Des Brown:

Comment: Is it too early to start talking about Britain’s post-EU future?

Comment: Is it too early to start talking about Britain’s post-EU future?

By Des Brown

On the eve of the 1979 general election, James Callaghan said: "You know there are times, perhaps once every thirty years, when there is a sea-change in politics. It then does not matter what you say or what you do. There is a shift in what the public wants and what it approves of.”

There feels like a sea change now in favour of the UK heading down a one-way avenue towards exit from the European Union. It feels almost inevitable now that a 'no' (withdrawal) vote will be successful and the UK will become the first member state to depart come the referendum in 2017 (Greenland withdrew in 1985, but they are a Danish province not a state).

It may well be sooner. David Cameron is facing considerable pressure from over a third of his party who are less inclined to renegotiate membership and more to quit at the earliest possible opportunity. Any incoming Labour administration in May 2015 would find the groundswell of support for a referendum impossible to ignore.

But why is what was once unthinkable now likely? The 'no' campaign will become a coalition of the ill-tempered, bitter and always furious. Who will be part of this coalition? Every one who is anti-EU (a broad cross section of people nobody likes, from Michael Gove to Bob Crow), people who are anti-immigration, people who want to restore capital punishment (something which EU membership prohibits), people who are anti-Tory, so will vote 'no' simply because Cameron is fighting to stay in and the Dailys: Mail, Express and Telegraph (which looks increasingly probable it will switch its support to Ukip at the General Election, following its readership).  The 'no' campaign will serve as the depository for lots of people who know what they're against but not what they're for. The Tory right and Ukip will play to this during the referendum, with the two magic words being 'capital punishment' – leave the European Union and we'll be free to re-introduce the death penalty, something which will guarantee the votes of 90% of all policemen alone.

The 'yes' campaign will be measured, thoughtful and full of detailed analysis, as indicated by Geoffrey Howe's article in Sunday's Observer, making a plausible case for British membership.

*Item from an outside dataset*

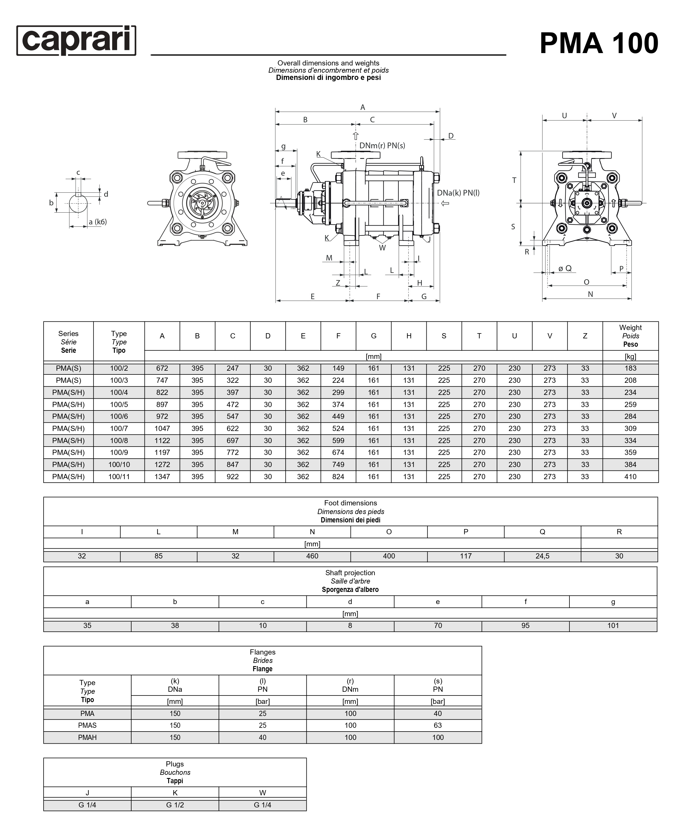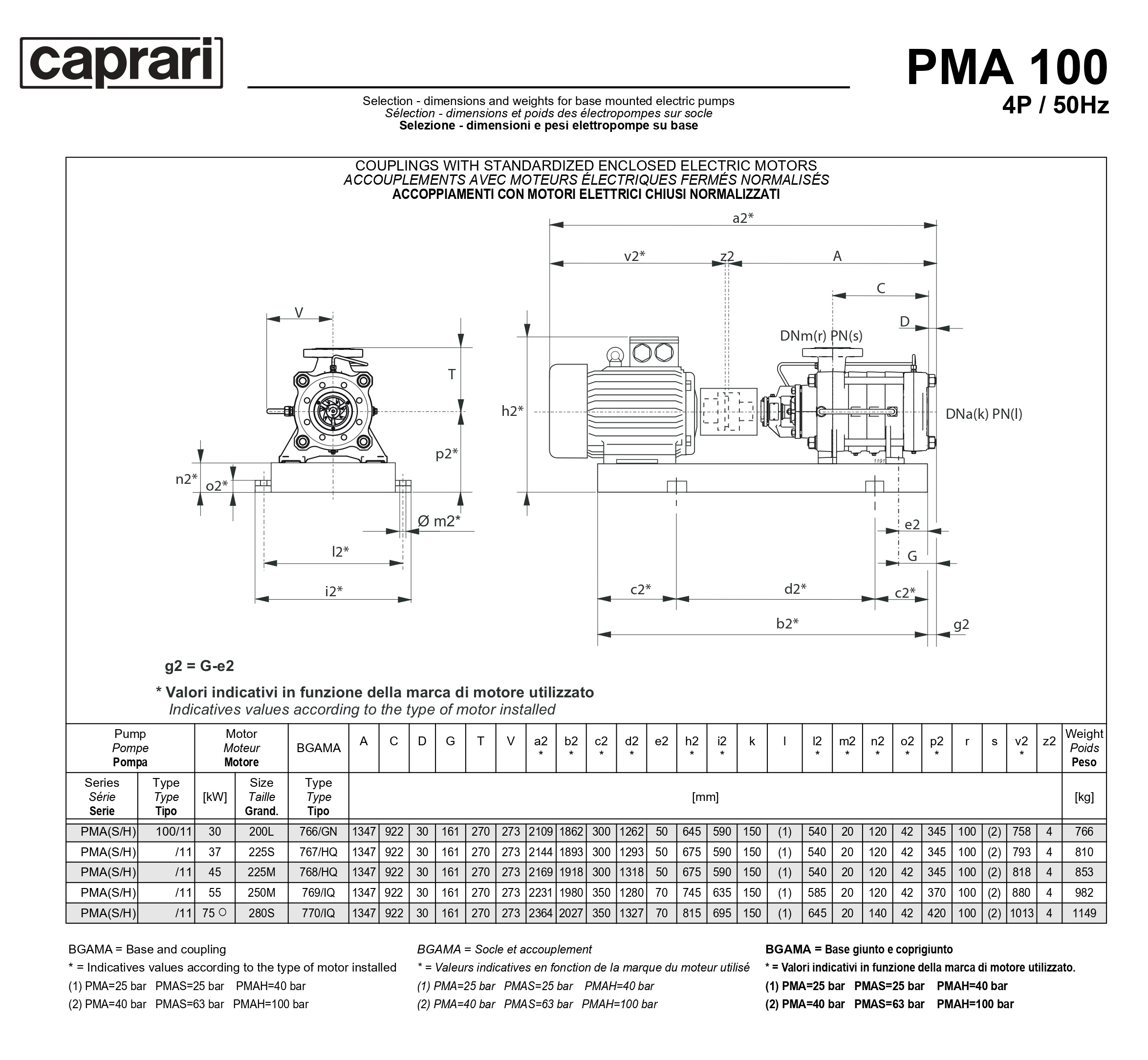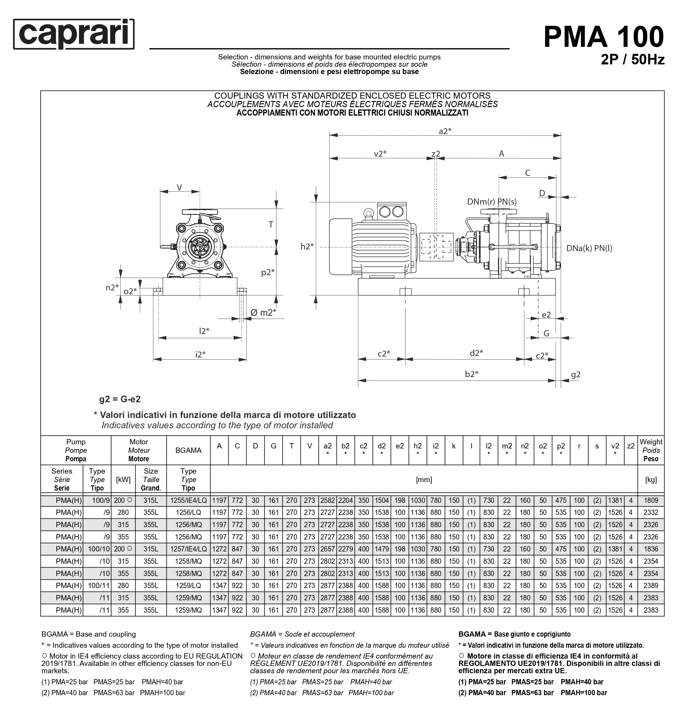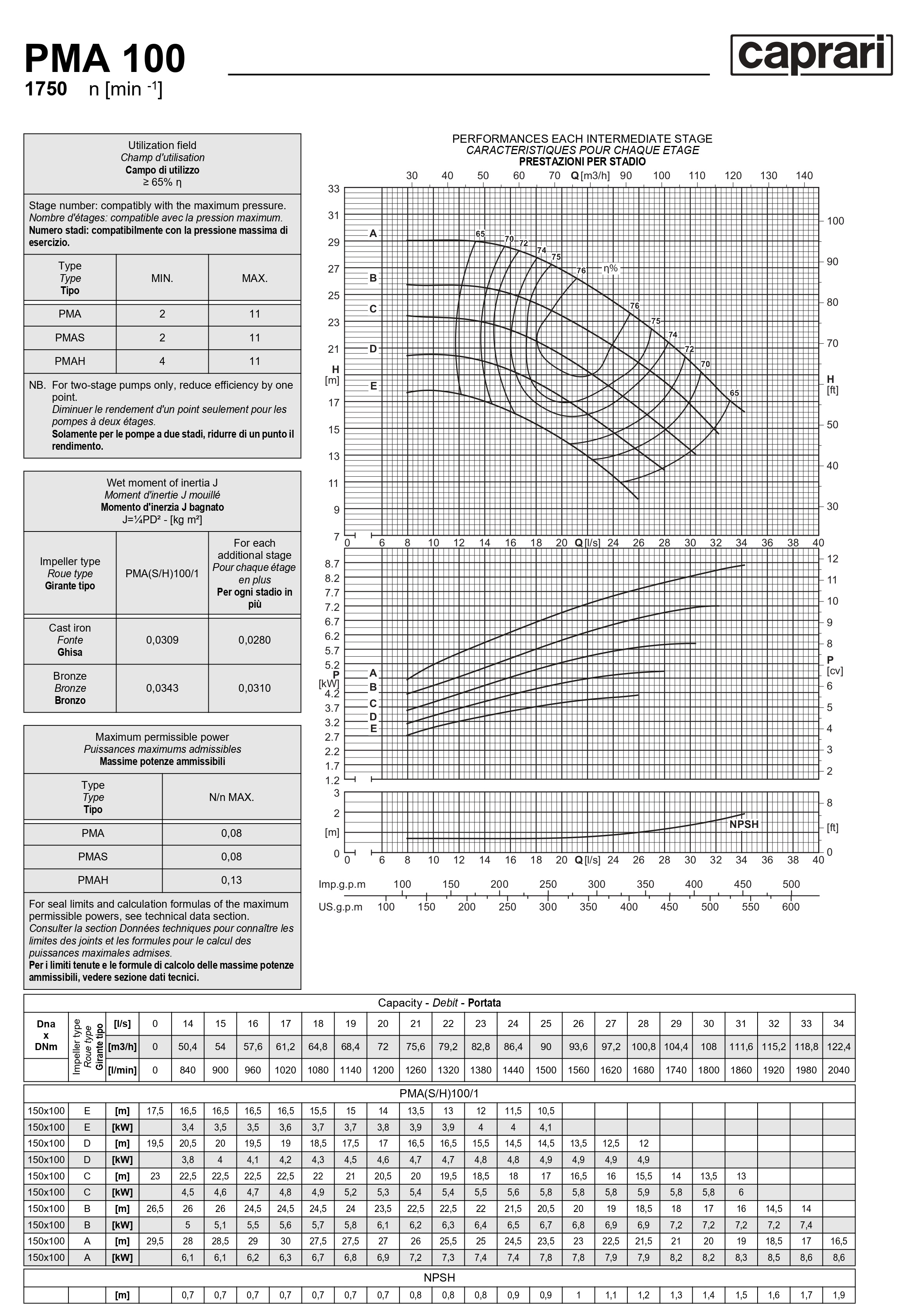 Горизонтальные многоступенчатые насосы высокого давления Caprari PMA 100 1750

All three major party leaders will campaign for a 'yes' vote to stay in, as well as the CBI and  The Guardian, Independent, Financial Times and Mirror. Although were the Conservatives to lose the election, it is uncertain quite how eurosceptic the political complexion of its new leader would be.

The 'yes' campaign has an excellent case to make. The UK needs to be a member simply because of Britain's USP amongst the world's nations: senior member of the EU, Commonwealth and Nato, the Atlantic alliance with Washington and a seat on the UN Security Council. Leaving the EU diminishes this. It also leaves the UK without free access to one of the world's largest trading areas. And, after all, couples only divorce when they no longer have anything in common, are no longer talking to each other and the marriage has broken down irrevocably. Is this really the case with Europe?

But the 'yes' campaign also has a mountain to climb and their voices will drowned out as the 'no' campaign is characterised its incensed anger and bad temper. Back on June 7th, 1975, a leader in The Times hailed the vote to remain in the EEC as "a wonderful result".   But parallels with the 1975 referendum will be largely redundant as in June 1975 the UK had only been a member of the Common Market for two-and-a-half years, the nature of it was different and there was no Ukip acting as an agent provocateur for acrimony (the result then was 67% voting to stay in). No opinion poll now shows a majority in favour of staying in. The most recent You Gov/Sunday Times poll on May 19 showed 36% would vote to stay, 45% to leave.

No one really knows what the process of British disengagement will involve as, since the signing of the Treaty of Rome in 1957, the union has always increased in size, not decreased. However, departure now feels like the settled and inevitable will of a large section of the population and the talk will soon be of Britain's post-EU future.

Des Brown is a blogger behind Be Not Afeard the Isle is Full of Noises, about the cultural, social and political life of Great Britain.  He also writes for the Newcastle Free Press and The Moscow Times.